Inspiration
We asked ourselves: What if art could talk back?
Instead of passively staring at a painting, we wanted people to interact with it. Imagine pointing your phone at the Mona Lisa and asking, “Why aren’t you smiling?” — then hearing Mona Lisa herself respond. That idea sparked our project.
What We Learned
- Using Gemini both for image detection and generating character-driven, contextual dialogue.
- Converting text responses to audio with ElevenLabs for a more natural experience.
- Leveraging Wav2Lip to sync generated audio with the painting’s lips, making it look alive.
- How to balance factual accuracy with engaging, human-like storytelling.
How We Built It
Image Detection with Gemini
- Gemini identifies the artwork directly from the scanned image via a prompt.
LLM with Gemini
- Once the painting is identified, Gemini generates responses as if the artwork is speaking.
- Example: “What colors did da Vinci use?” → Mona Lisa replies in her own voice.
- Once the painting is identified, Gemini generates responses as if the artwork is speaking.
Text-to-Audio with ElevenLabs
- The generated text is converted into realistic speech audio using ElevenLabs where we customize the voice according to the object.
Lip-Sync with Wav2Lip
- Wav2Lip takes the audio and animates the painting’s lips to match the speech.
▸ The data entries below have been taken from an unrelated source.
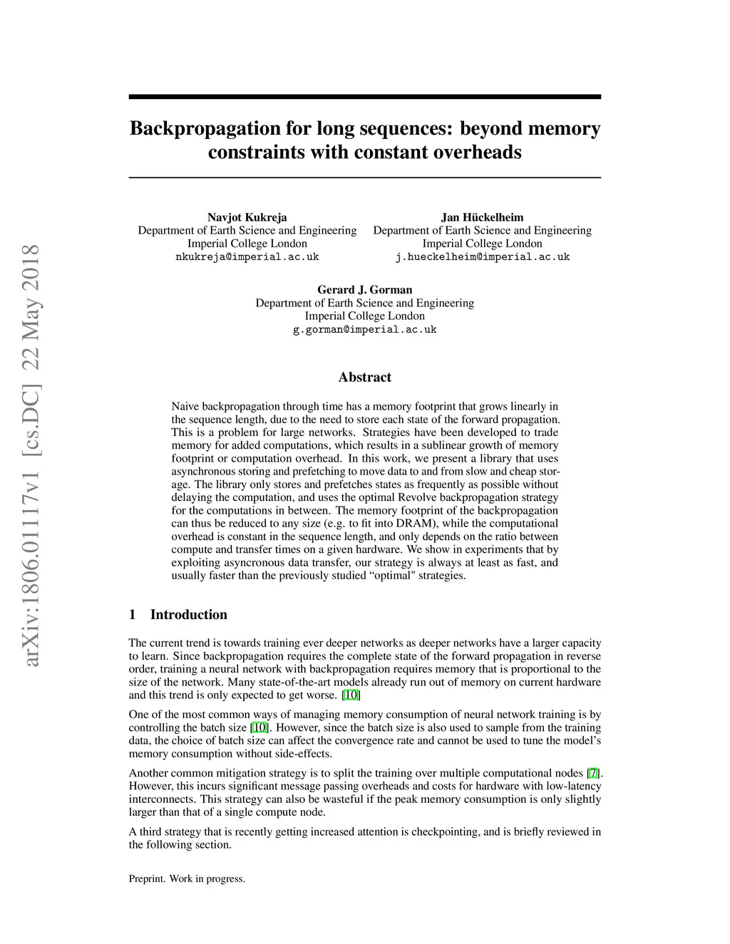 Naive backpropagation through time has a memory footprint that grows linearly in the sequence length, due to the need to store each state of the forward propagation. This is a problem for large networks. Strategies have been developed to trade memory for added computations, which results in a sublinear growth of memory footprint or computation overhead. In this work, we present a library that uses asynchronous storing and prefetching to move data to and from slow and cheap stor- age. The library only stores and prefetches states as frequently as possible without delaying the computation, and uses the optimal Revolve backpropagation strategy for the computations in between. The memory footprint of the backpropagation can thus be reduced to any size (e.g. to fit into DRAM), while the computational overhead is constant in the sequence length, and only depends on the ratio between compute and transfer times on a given hardware. We show in experiments that by exploiting asyncronous data transfer, our strategy is always at least as fast, and usually faster than the previously studied "optimal" strategies.
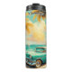 Garrafa Térmica Carro branco e lacrimogênio em uma praia tropical
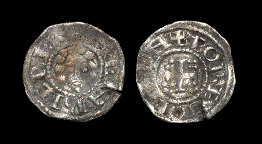 Round halfpennies are known, mostly from single specimens, for some ten mints (of about fifty-nine mints that struck under Henry I) at Hereford (Ailred), Lincoln (Lefric), London ([-]odred), Norwich (Thot and Turstan), Oxford (Aethelnoth), Sandwich (Adalbot, including a unique coin muled with a class 9 penny reverse), Wallingford (Osulf), Wilton (Aethelweard), Winchester (Alfwine, Godwine and Wigmund) and York (Forna/Foren); this specimen seems to be a new die pair for the moneyer Thodred at London mint; a moneyer of this name also struck pennies of several classes for Henry I at London.
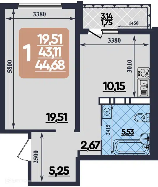 Уникальная однокомнатная квартира с кухней площадью 11м² и балконом в лучшем спальном районе города!
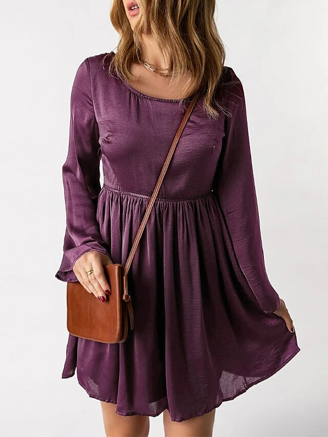 Women’s Work Dress Casual Dress Sheath Dress Fashion Winter Dress Daily Mini Dress Lace Ruched Crew Neck Long Sleeve Plain Regular Fit Purple Fall Winter S M L XL
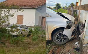 VALE DO ANARI: Condutor perde controle de veículo prisma, colide em residência e fica ferido

- Wav2Lip takes the audio and animates the painting’s lips to match the speech.
Frontend, Backend & Cedar OS
- Frontend: Built in React for a clean, interactive user interface.
- Backend: FastAPI routes handle image input, model calls, audio/video generation, and responses back to the frontend.
- Cedar OS Integration: Cedar OS acts as the glue for our pipeline, managing multimodal inputs and outputs across components. It orchestrates:
- Image → Gemini (detection + LLM)
- Text → ElevenLabs (speech generation)
- Audio → Wav2Lip (lip-synced video)
- Image → Gemini (detection + LLM)
By letting Cedar OS handle orchestration, we avoided manual data-passing overhead and ensured the workflow remained smooth, modular, and scalable.
- Frontend: Built in React for a clean, interactive user interface.
Challenges We Faced
- Gemini output limits: We expected more flexibility in how many outputs Gemini could generate. This forced us to pivot parts of our design to stay within its constraints.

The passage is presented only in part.